世の中には色んなタイプの人がいて、気の合う人を見つけてサクッと友だちになれる人もいる。時間をかけて何度も会うことで気付けば友だちになっていたという人もいる。私はもろに後者のタイプだった。
だから「作れるかーい!泣」と盛大にツッコミを入れたい気持ちになったのだ。

改めてもう1度、自分に問う。

どうして私は”友だち”と言うか”ママ友”と言うかで迷ったんだろう。この2つの言葉について、自分はどんな風に考えているんだろう。

私は友人はみんな”友だち”という認識でいる。

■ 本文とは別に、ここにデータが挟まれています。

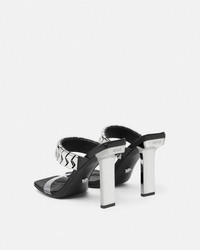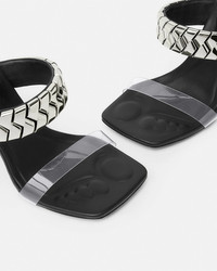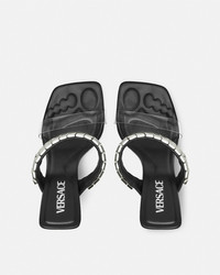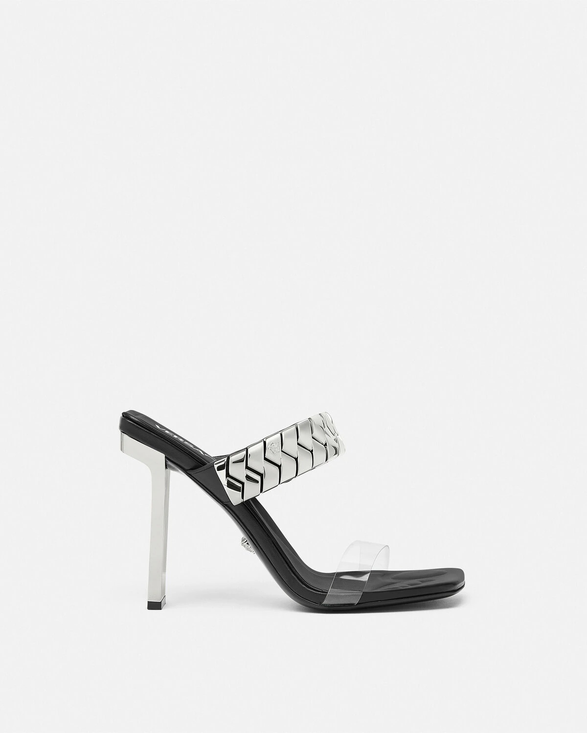 DETAILS These sandals are accented by a metal upper strap and a thin clear strap around the toes The pair is set on slim quared heels with a galvanised finish and the soles have a debossed footprint design for comfort - Medusa hardware - Logo engraving - Slip-on - Square toe - Slim block heel - Outer composition: 100% Polyurethane - Lining 1: 100% Lambskin - Trim: 100% Calf leather - Sole: 100% Calf leather Item: 1017232-1A08651_1B00P SIZE & FIT - The shoe weighs approximately 14 oz / 0.4 kg for the model size 40 IT - Heel: 4.1" / 10.5 cm - Footbed: regular - Fit is small, we recommend taking half a size up

共通の興味を介していろんな立場の友人ができたことで、母親であることは”友だち”の属性の1つなんだという考えになったからだ。
会話の中で漫画好きの友人を引き合いに出そうとした時に、はじめ「友だち」と言おうとしたのはそのためだ。

じゃあどうして最終的に”ママ友”を選んだんだろう?選ぶ前にどっちにするか悩んだのはなぜ?

私が最終的に「ママ友が…」と言った理由も悩んだ理由も、きっと”ママ友”という言葉を特別視しているかららだだ。

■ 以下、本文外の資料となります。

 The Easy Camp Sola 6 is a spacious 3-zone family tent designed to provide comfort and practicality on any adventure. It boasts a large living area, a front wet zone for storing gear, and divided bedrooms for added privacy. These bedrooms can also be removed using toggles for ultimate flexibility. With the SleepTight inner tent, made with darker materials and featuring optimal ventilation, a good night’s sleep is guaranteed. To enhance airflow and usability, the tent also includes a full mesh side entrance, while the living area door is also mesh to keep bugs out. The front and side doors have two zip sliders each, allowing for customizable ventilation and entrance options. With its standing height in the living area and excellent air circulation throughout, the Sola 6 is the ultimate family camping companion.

“ママ友”という言葉が思い浮かんだあと、どっちにするか悩んだのは、私が”ママ友”という言葉にマイナスイメージを持っていたからだと思う。
私が過去に“ママ友カースト”や”ママ友トラブル”の記事を見て感じた「ママ友付き合いって大変そう…」という気持ちは、いつしか”ママ友”のイメージに鈍い色の霧をまとわせていた。それに加えて、自身の「ママ友=母親になったら自然にできるもの」という思い込みが孤独感の中で「ママ友=母親になったら作らなきゃいけないもの」に変化したことで、私は”ママ友”に暗くどろっとしたイメージを持ってしまったんである。
会話中、“ママ友”が思い浮かんだと同時に暗いイメージも浮かんできて「ママ友がね」と言うことをためらったのである。

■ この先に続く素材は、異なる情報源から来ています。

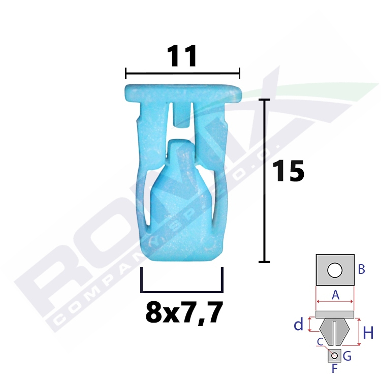 Dimensions: A 11 B 11 C 4,2 F 7,7 G 8 H 15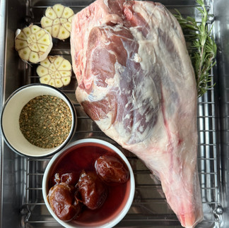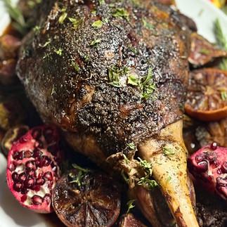 Roasted Leg of Lamb with Plums, Citrus & Red Wine

だというのに最終的に「ママ友がね」にしたのは、自分でもビックリするくらい無意識に、矛盾を抱えていたからだ。

友人の属性の1つが母親ってだけだから、どんな立場の人でもただ”友だち”だ。

そう思っているのは確かだ。

確かなはずなのに、私は「母親になってから出会った、同じ母親である友人を”ママ友”にカテゴライズすることは自然なこと」という認識も持っていたのだ。
たぶん”ママ友”という呼称があるためだと思う。わざわざ呼び名が存在するという事実は、私にとってとてもインパクトのあることだったんだろう。その衝撃は脳裏に深く刻まれ、”ママ友”は呼称の無い他の友人たちと区別する存在なんだというイメージが、頭の片隅にぺとっと張り付いていたのだ。
だからとっさに「漫画好きの友人は母親だから、やっぱりここは”ママ友”って言った方がいいんじゃない!?」と考えたのである。

“ママ友”はただの言葉だ。
私はその言葉に強くとらわれていたんだなぁと思う。

ここまで書き終えた今、”友だち”でも”ママ友”でもどっちでもいいやという心持ちになった。
“友だち”は”友だち”に違いないし、”ママ友”って言うことで「その友だちには子どもがいて…」っていう補足説明が省けるなぁと思ったりもする。

“友だち”と、”ママ友”。
そのうち器用に使いこなせるようになるだろうか。